Forces of Friction

1. Dec 6, 2011

jer_hall99

1. The problem statement, all variables and given/known data

13. As a car skids with its wheels locked trying to stop on a road covered with ice and snow, the force of friction between the icy road and the tires will usually be: (Please note that “normal” and “perpendicular” have the same meaning)

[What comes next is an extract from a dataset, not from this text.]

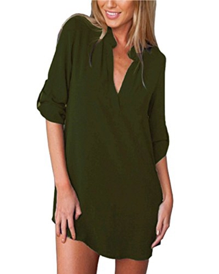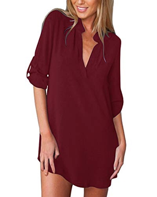[Características]: Cuello en V / Manga larga. Blusa de camisa de gran tamaño que si puede usar como un mini vestido para diferentes ocasiones, Cami...

A. greater than the normal force of the road times the coefficient of static friction
B. equal to the normal force of the road times the coefficient of static friction
C. less than the normal force of the road times the coefficient of kinetic friction
D. greater than the normal force of the road times the coefficient of kinetic friction
E. equal to the normal force of the road times the coefficient of kinetic friction.

2. Relevant equations

Fk=μkn

3. The attempt at a solution
I know that it is kinetic friction since the car is moving. I think that the answer is "C" because the force of friction would be less since the car is skidding. Not sure though, could somebody either confirm my answer or clear up my confusion please?

2. Dec 6, 2011

TaxOnFear

Is this a trick question?

You have the equation right in front of you:

FR = μKN

3. Dec 6, 2011

jer_hall99

It's really not a quick question... I am really just unsure of myself... I take that from your comment you are trying to tell me that the answer then is "E"? Please confirm if the answer is E then. Thank you.

4. Dec 6, 2011

TaxOnFear

I don't like this question. Do they mean the coefficient of kinetic friction while skidding or not? It could be either or depending on the context.

5. Dec 6, 2011

jer_hall99

Not sure. I am guessing it would be "E" since the more I think about it, I put "C" on the test and got it wrong.

6. Dec 6, 2011

7. Dec 6, 2011

TaxOnFear

Ahh yes it is E if you think about it, the frictional force is the same as if it wasn't skidding, however the decceleration due to braking is gone because the tyres are skidding, therefore it takes longer to stop.

8. Dec 6, 2011

Thank you.